● **Work instruction**
What you output must match the entries exactly, apart from the pictures, which are left out.

[Opening Data shown section]

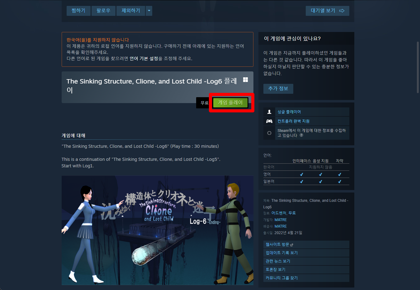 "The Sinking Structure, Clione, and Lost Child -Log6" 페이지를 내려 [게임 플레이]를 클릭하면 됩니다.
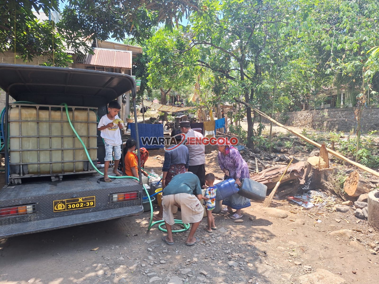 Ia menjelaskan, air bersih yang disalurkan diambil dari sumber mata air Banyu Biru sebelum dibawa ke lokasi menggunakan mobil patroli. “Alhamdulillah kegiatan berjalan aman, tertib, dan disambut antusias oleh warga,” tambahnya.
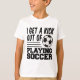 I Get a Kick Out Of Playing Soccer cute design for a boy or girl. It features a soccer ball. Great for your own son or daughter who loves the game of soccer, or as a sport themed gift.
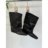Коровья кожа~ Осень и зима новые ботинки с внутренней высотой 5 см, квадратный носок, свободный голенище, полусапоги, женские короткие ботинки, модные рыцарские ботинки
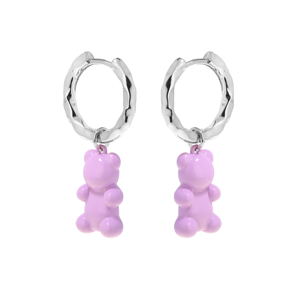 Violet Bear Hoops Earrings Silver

[Closing Data shown section]

● **Output for this task**
 "The Sinking Structure, Clione, and Lost Child -Log6" 페이지를 내려 [게임 플레이]를 클릭하면 됩니다.
 Ia menjelaskan, air bersih yang disalurkan diambil dari sumber mata air Banyu Biru sebelum dibawa ke lokasi menggunakan mobil patroli. “Alhamdulillah kegiatan berjalan aman, tertib, dan disambut antusias oleh warga,” tambahnya.
 I Get a Kick Out Of Playing Soccer cute design for a boy or girl. It features a soccer ball. Great for your own son or daughter who loves the game of soccer, or as a sport themed gift.
Коровья кожа~ Осень и зима новые ботинки с внутренней высотой 5 см, квадратный носок, свободный голенище, полусапоги, женские короткие ботинки, модные рыцарские ботинки
 Violet Bear Hoops Earrings Silver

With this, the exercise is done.